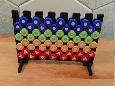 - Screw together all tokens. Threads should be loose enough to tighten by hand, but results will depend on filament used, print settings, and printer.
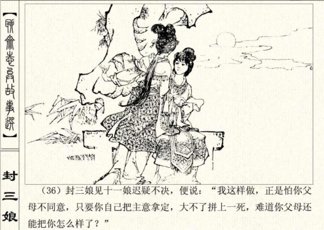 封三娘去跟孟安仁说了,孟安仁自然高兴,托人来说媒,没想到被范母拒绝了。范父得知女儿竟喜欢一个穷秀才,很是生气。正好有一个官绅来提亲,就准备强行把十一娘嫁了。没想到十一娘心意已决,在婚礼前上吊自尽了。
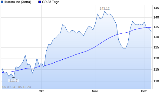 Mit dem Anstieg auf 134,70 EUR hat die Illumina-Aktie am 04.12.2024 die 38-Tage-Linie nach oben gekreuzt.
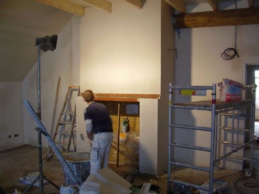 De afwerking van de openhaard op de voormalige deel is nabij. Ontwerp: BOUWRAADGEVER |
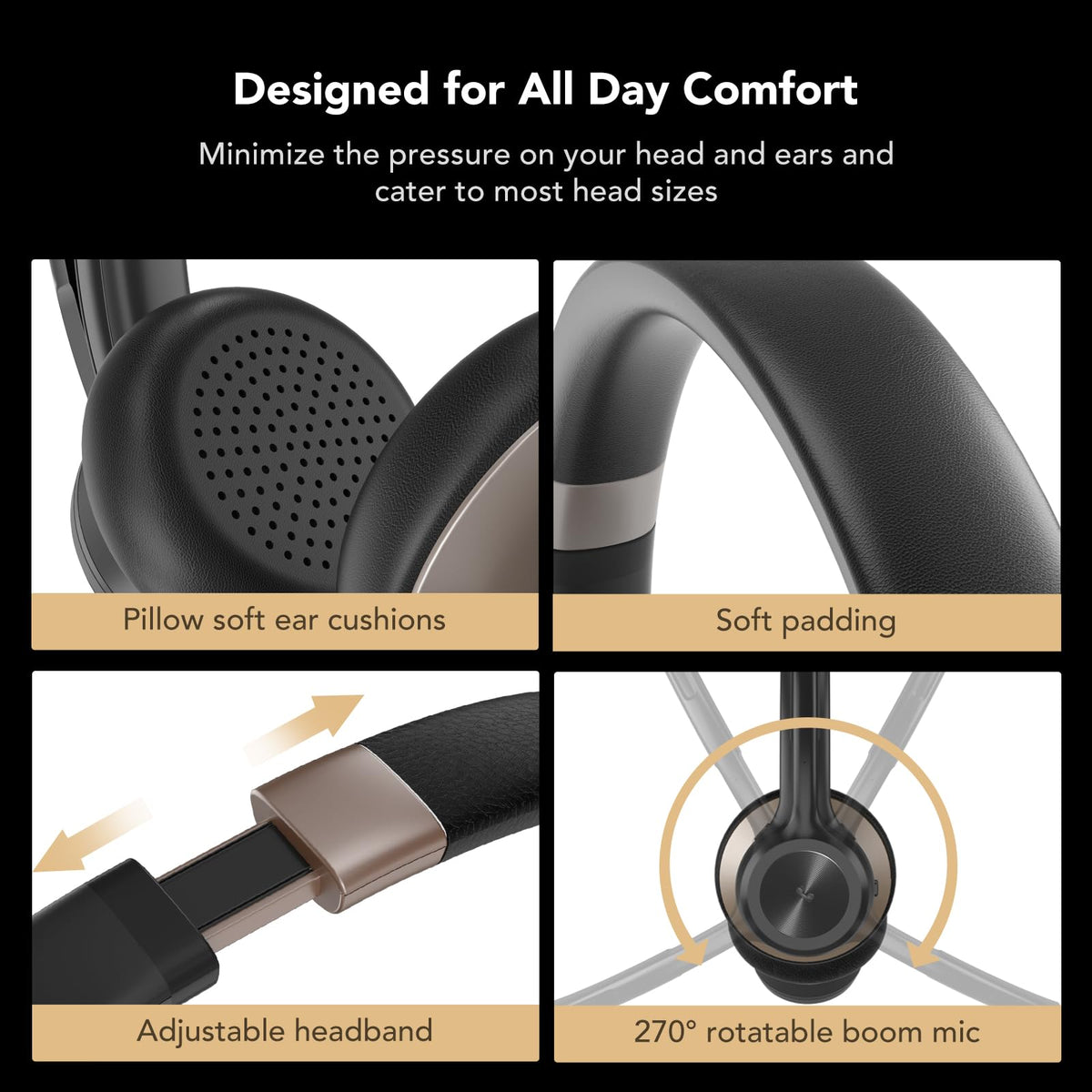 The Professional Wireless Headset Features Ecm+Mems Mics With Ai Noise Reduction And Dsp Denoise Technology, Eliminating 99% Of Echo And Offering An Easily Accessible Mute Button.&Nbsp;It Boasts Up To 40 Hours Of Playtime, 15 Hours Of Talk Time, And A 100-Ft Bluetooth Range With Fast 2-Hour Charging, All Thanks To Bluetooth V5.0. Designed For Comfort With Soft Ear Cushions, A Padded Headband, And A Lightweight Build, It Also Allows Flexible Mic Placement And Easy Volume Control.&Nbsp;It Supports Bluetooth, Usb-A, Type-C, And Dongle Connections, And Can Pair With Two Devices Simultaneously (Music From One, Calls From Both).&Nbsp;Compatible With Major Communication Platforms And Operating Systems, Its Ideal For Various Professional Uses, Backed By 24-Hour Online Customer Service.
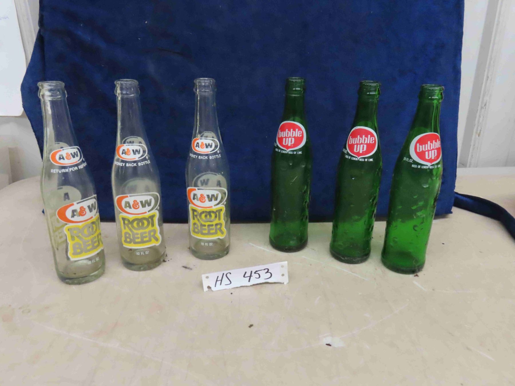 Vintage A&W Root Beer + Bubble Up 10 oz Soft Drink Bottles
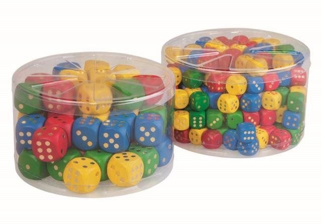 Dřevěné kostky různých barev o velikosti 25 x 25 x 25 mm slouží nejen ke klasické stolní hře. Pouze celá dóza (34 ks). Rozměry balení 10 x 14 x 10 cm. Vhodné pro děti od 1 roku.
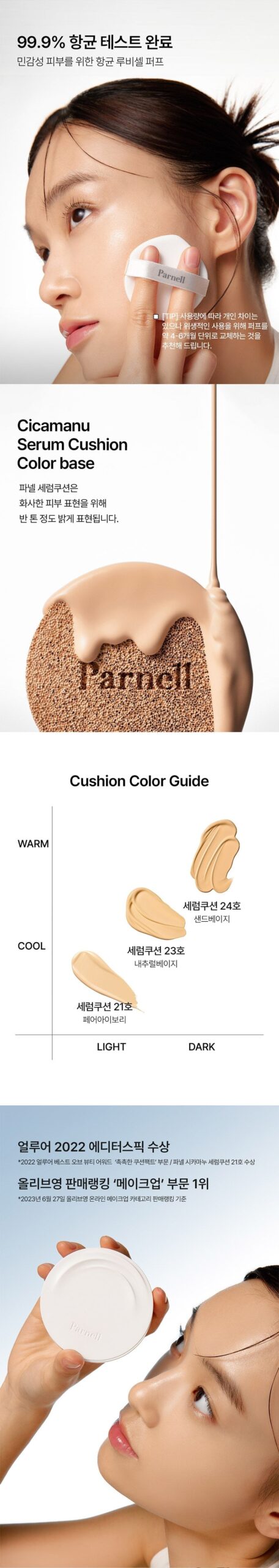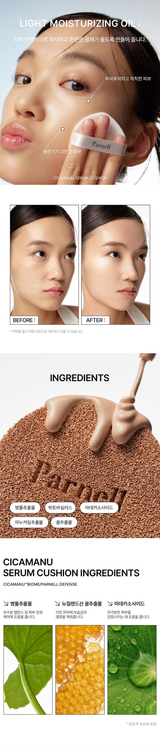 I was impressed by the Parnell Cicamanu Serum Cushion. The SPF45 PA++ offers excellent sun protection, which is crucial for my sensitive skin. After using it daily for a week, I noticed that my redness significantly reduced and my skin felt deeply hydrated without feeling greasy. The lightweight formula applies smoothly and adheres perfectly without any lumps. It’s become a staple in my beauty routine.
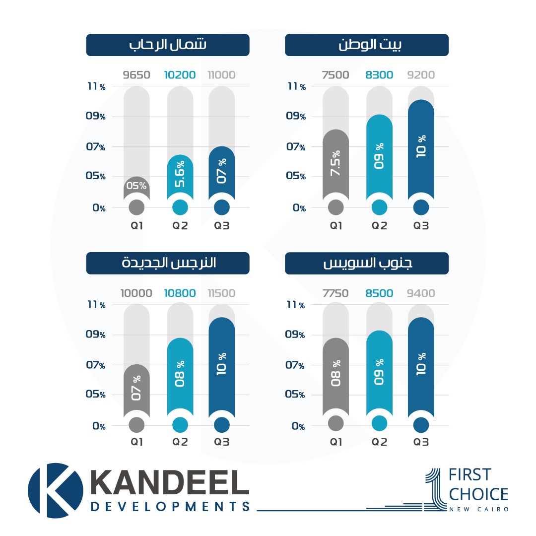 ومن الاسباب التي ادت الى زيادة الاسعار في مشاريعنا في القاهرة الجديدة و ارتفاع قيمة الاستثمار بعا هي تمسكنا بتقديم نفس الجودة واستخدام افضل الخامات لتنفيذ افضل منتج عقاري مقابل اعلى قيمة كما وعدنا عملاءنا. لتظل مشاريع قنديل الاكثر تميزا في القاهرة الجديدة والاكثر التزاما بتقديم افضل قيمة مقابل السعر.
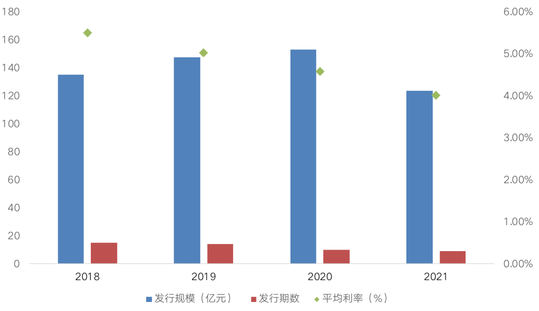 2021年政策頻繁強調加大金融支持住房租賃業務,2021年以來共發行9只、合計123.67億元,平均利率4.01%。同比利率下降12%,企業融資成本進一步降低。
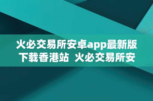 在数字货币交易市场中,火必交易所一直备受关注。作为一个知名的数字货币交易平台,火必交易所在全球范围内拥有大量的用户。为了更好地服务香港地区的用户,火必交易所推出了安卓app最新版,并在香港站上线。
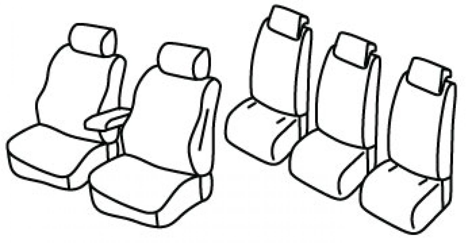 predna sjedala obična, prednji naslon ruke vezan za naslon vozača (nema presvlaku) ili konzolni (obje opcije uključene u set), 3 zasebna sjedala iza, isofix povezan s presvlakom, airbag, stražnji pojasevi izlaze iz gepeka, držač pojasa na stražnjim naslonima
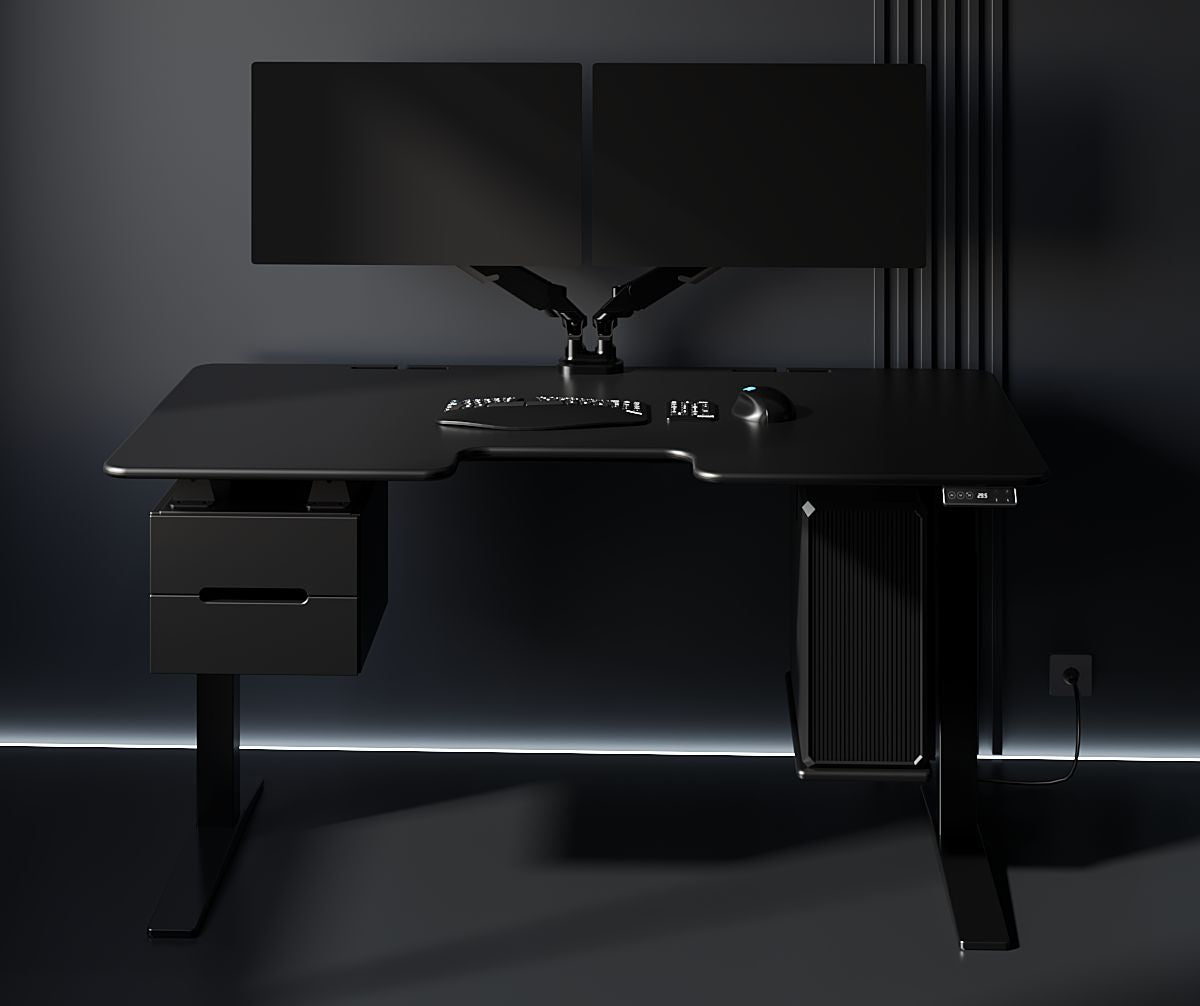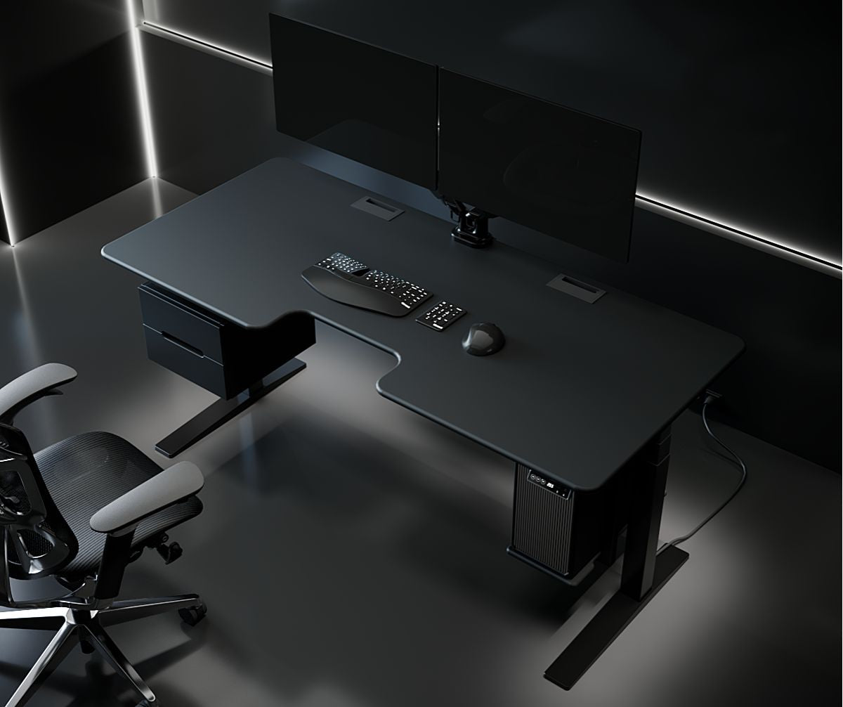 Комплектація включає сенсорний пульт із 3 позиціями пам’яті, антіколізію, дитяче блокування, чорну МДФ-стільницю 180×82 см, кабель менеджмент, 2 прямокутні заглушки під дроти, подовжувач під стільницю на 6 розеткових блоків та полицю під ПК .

**What is expected:** Each line from the one that holds "在数字货币交易市场中,火必交" through the end of the entries must be returned exactly, while any pictures stay out.

**Expected output:**
 在数字货币交易市场中,火必交易所一直备受关注。作为一个知名的数字货币交易平台,火必交易所在全球范围内拥有大量的用户。为了更好地服务香港地区的用户,火必交易所推出了安卓app最新版,并在香港站上线。
 predna sjedala obična, prednji naslon ruke vezan za naslon vozača (nema presvlaku) ili konzolni (obje opcije uključene u set), 3 zasebna sjedala iza, isofix povezan s presvlakom, airbag, stražnji pojasevi izlaze iz gepeka, držač pojasa na stražnjim naslonima
 Комплектація включає сенсорний пульт із 3 позиціями пам’яті, антіколізію, дитяче блокування, чорну МДФ-стільницю 180×82 см, кабель менеджмент, 2 прямокутні заглушки під дроти, подовжувач під стільницю на 6 розеткових блоків та полицю під ПК .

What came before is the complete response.